SMOKERS’ CORNER: ISRAEL’S ALL-WEATHER ALLY – Newspaper

The United States and Israel have enjoyed a lasting relationship. However, this relationship is also one of the most controversial: a pairing that is often seen by several countries (mostly non -Western) as the source of destabilization, especially in the Middle East.

The United States provides Israel with billions of dollars in sophisticated military teams and plays a main role in the United Nations to deny any effort to call Israel as an aggressor. Unquestionively dedicates the Israel line that is a victim in most cases and not in the perpetrator.

However, for some analysts, US relations seem to have gone beyond pragmatism that generally shapes relations between states-nation. These analysts insist that “blind support” that Israel obtains from the United States is due to certain economic and strategic compulsions that do not come only in the field of pragmatism.

In January 1982, The Washington Post He informed that “Israeli intelligence agencies have blackmailed, annoying, heard and offered bribes to US government employees in an effort to obtain sensitive intelligence and technical information.”

Then there are those who often take a more ‘Maniquea’ route to understand relations between the United States and Israel. Come to the West and Israel as a dark ‘Judeo -Christian’ link that works to extinguish the light of Islam. Of course, such a Manichaean way of thought arises from a conspiracy mentality that sees complex problems through the lens of myth and fantasy.

Although it is often presented as a long -standing alliance forged by shared values, relations between the United States and Israel are, in fact, a pragmatic marriage and policy -based, a marriage that is now striving for the growing international criticisms and national doubts in the United States in the United States

The United States was not always a great defender of Israel as it is today.

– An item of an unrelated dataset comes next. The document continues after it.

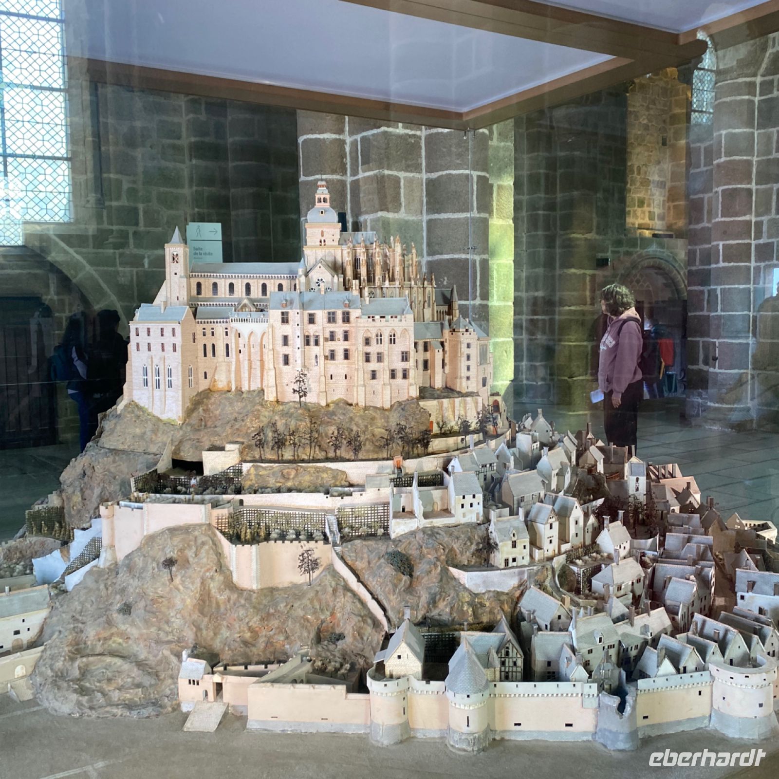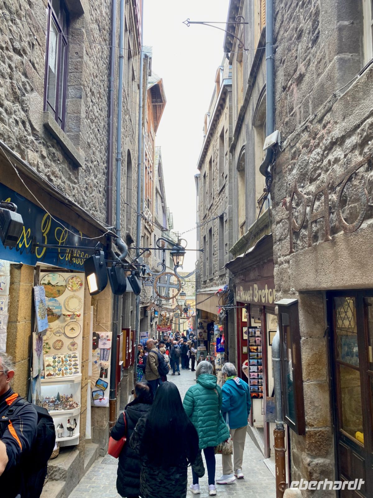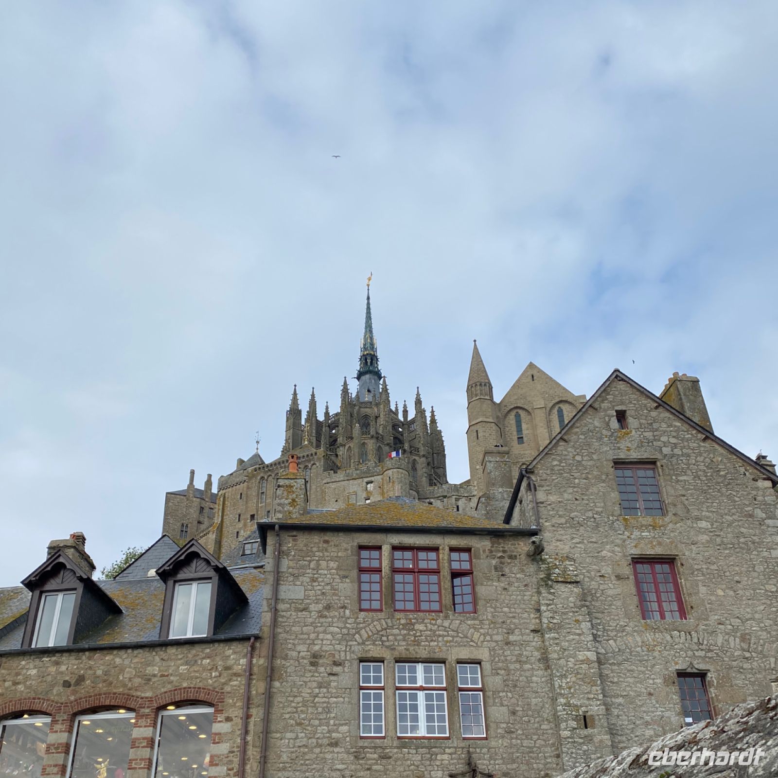 Wir lassen unseren Bus am Festland zurück und werden mit futuristisch anmutenden Shuttle-Bussen über den Damm und eine filigrane Brücke auf die Felseninsel Mont-Saint-Michel, zum Berg des heiligen Michael, gefahren. Im Mittelalter entstand hier eine dem Erzengel gewidmete Abtei, die immer weiter wuchs, zu einer bedeutenden befestigten Anlage inmitten eines kleinen Städtchens. Über die befestigten Mauern geht es bequem, aber teilweise steil nach oben.
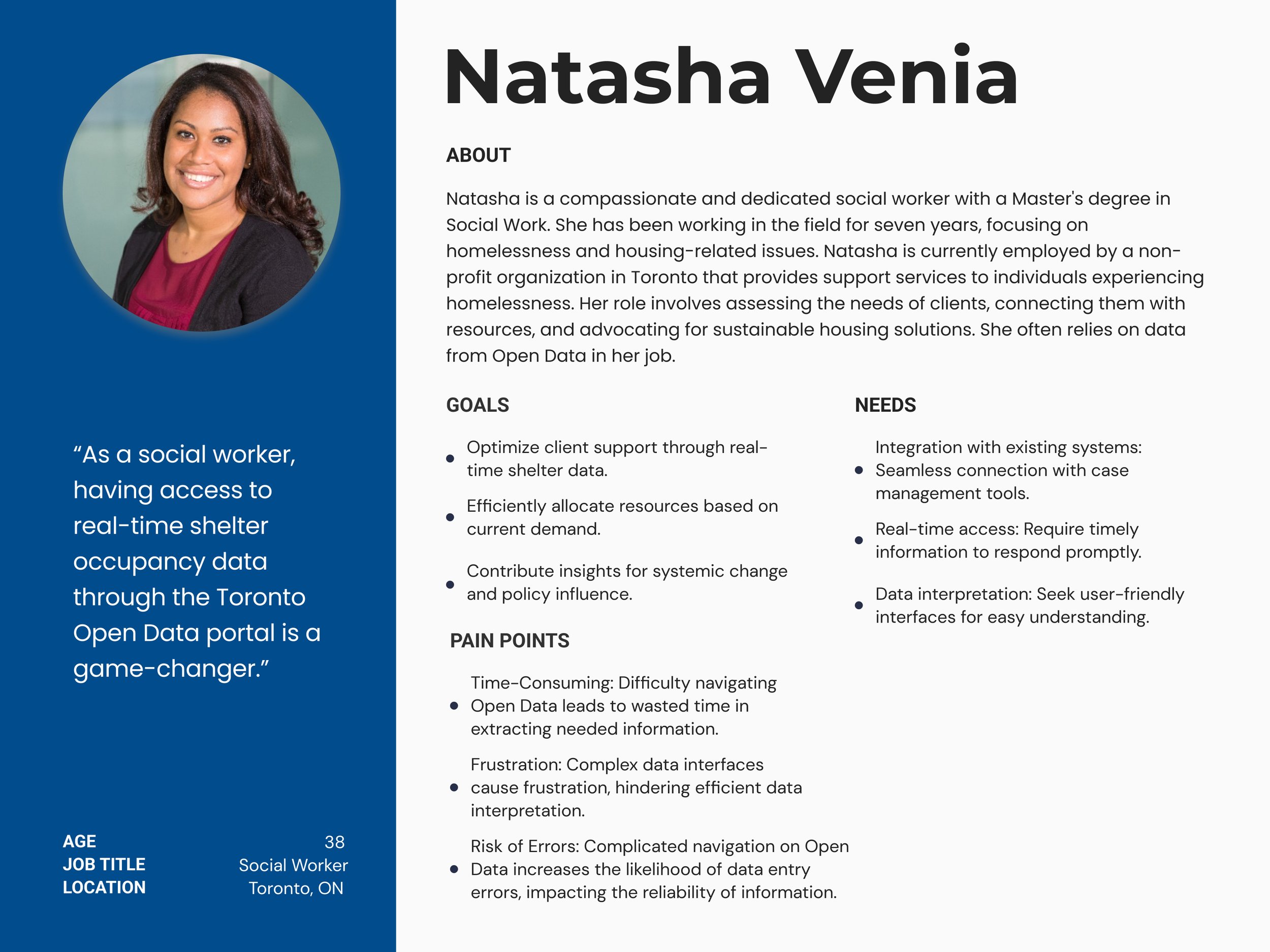 Natasha is a social worker who relies on Open Data to find information to help her clients find places to stay overnight, but struggles with understanding the website’s interface and meaning of the data, effectively preventing her from helping her clients when they need her the most.

US President Woodrow Wilson (1913-21) sympathized with Zionism but, according to American law professor John N. Moore, Wilson was not willing to go beyond providing anything more than just lip service. The president of the United States, Franklin D. Roosevelt (1933-45) was not even willing to provide any lip service. In fact, according to the American political scientist Dr. Robert Freedman, Roosevelt opposed the creation of a Zionist State in Palestine.

This was due to the fact that, in the 1930s, Roosevelt had reached a relationship with the newly created (and oil) kingdom of Saudi Arabia. Ensuring oil sources was much more important for the United States than defending the cause of Zionism. Freedman cited a nearby assistant from President Roosevelt saying that Israel would not have been created if Roosevelt had not died in 1945.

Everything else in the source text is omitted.